When we ask ourselves why the sky is blue we can think about the most important type of light scattering in the Earth’s atmosphere. This is Rayleigh scattering. I was writing about this type of light scattering on some occasions, like watching the solar eclipse through the webcams or wondering about the Martian sky. Today I would like to develop this topic and bring a rough answer for one of the most basic questions from geography or physics: why the sky is blue?

1. THE RAYLEIGH SCATTERING & WHY IS THE SKY BLUE DURING THE DAY
   

Rayleigh scattering is the scattering of light by particles much smaller than the wavelength of the radiation.  Rayleigh scattering works best in a gaseous environment. The particles may be individual atoms or molecules. The intensity of scattered light significantly depends on the scattered light wavelength – increasing with the decrease of wavelength in the majority of cases. Sunlight reaches Earth’s atmosphere and is scattered in all directions by all gases and molecules in the air. We see the blue sky for most of the time because blue is scattered more strongly than other colors in the atmosphere. It happens because Rayleigh scattering is inversely proportional to the fourth power of wavelength so that shorter wavelength violet and blue light will scatter more than longer wavelengths (Pic. 2). Why don’t we see the violet in the sky then? Violet basically is almost gone because of three factors: firstly Sun likewise other stars has its own spectrum of light emission, which is not constant and falls away in the violet. Secondly, the shortest, violet wavelengths are absorbed by oxygen particles in the atmosphere. Thirdly human eye is less sensitive to violet. At the finish of this consideration, I can add up the other factor, which is the presence of other light wavelengths scattered in the atmosphere, that finally makes the output sky color pale blue (a mixture of all the scattered colors, mainly green and blue)(Pic. 1). This output can be explained as a dominant wavelength, which for Rayleigh scattering is about 475nm, which lies solidly in the blue if we take this to mean light with wavelengths between 450 and 490nm (Bohren, 2003). Conversely glancing towards the Sun directly the colors are not scattered away. The longer wavelengths such as red or yellow light are visible directly then, giving the Sun itself a slightly yellowish hue throughout the day and accordingly yellow, orange, and red when near the horizon (Pic. 2, 8).

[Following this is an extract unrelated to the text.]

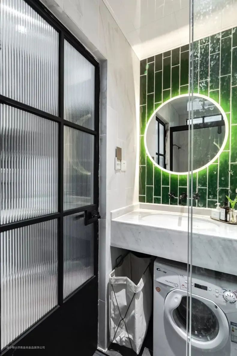 定制的白色洗手台,下面嵌入洗衣机,上面选择墨绿色瓷砖+隐藏灯带,美观与实用兼顾。
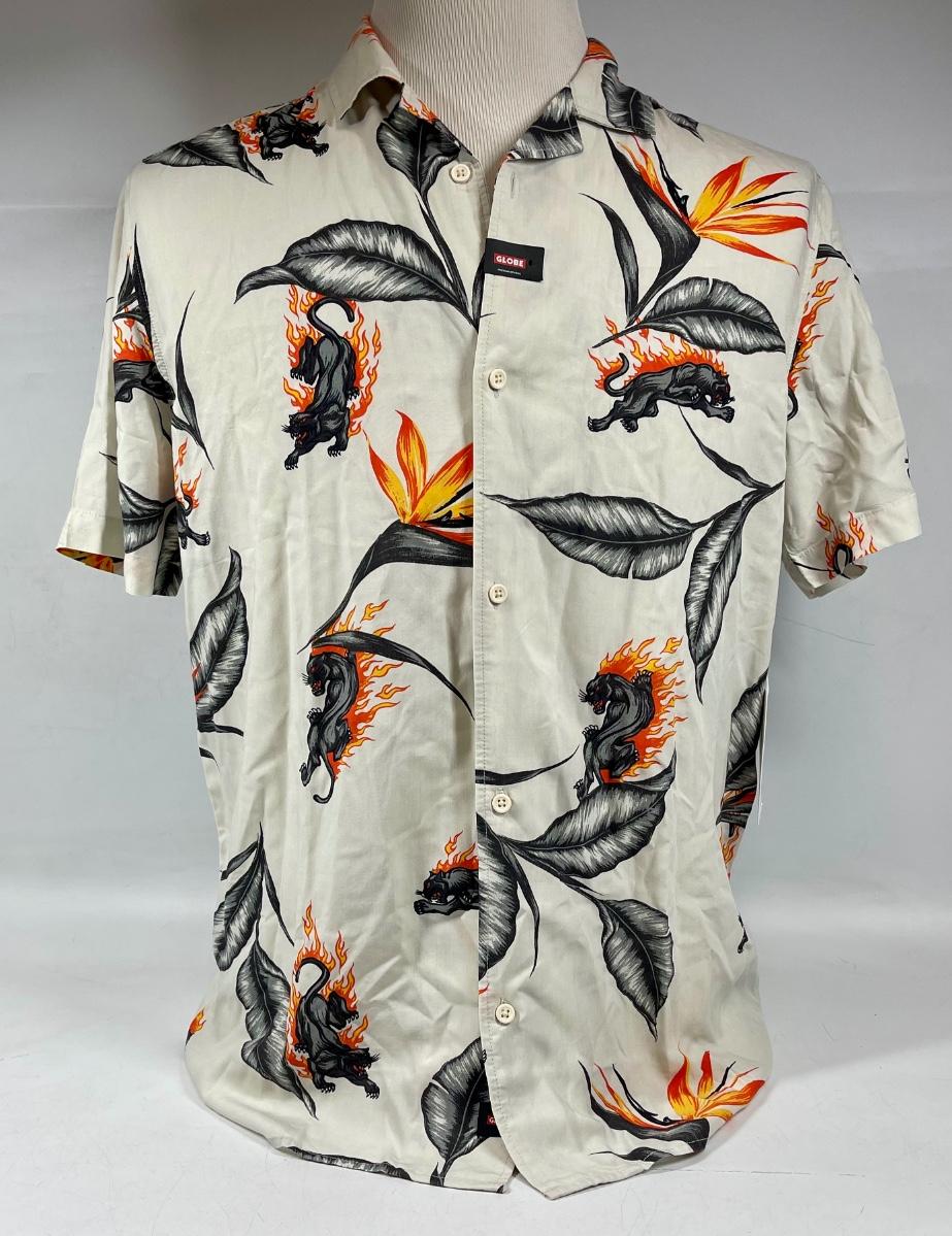 NWT GLOBE men's size M medium Hawaiian Style Camp Shirt Hibicus Panther

Pic. 1 Basic mechanism of scattering the light on the molecules in the atmosphere. Incoming sunlight as white light is next scattered mainly on blue wavelengths, with a small presence of green and violet wavelengths (atmo.arizona.edu).

Rayleigh scattering results in the electric polarizability of the particles. The oscillating electric field of a light wave acts on the charges within the particle causing them to move at the same frequency. The particle, therefore, becomes a small radiating dipole, whose radiation we see as scattered light.

Pic. 2 The visible wavelength scale against the scattering of direct sunlight (wikimedia.org).

The Rayleigh scattering of sunlight in the atmosphere causes diffuse sky radiation. Diffuse sky radiation is solar radiation reaching the Earth’s surface after having been scattered from the direct solar beam by molecules or particulates in the atmosphere (Kondratyev, 1969).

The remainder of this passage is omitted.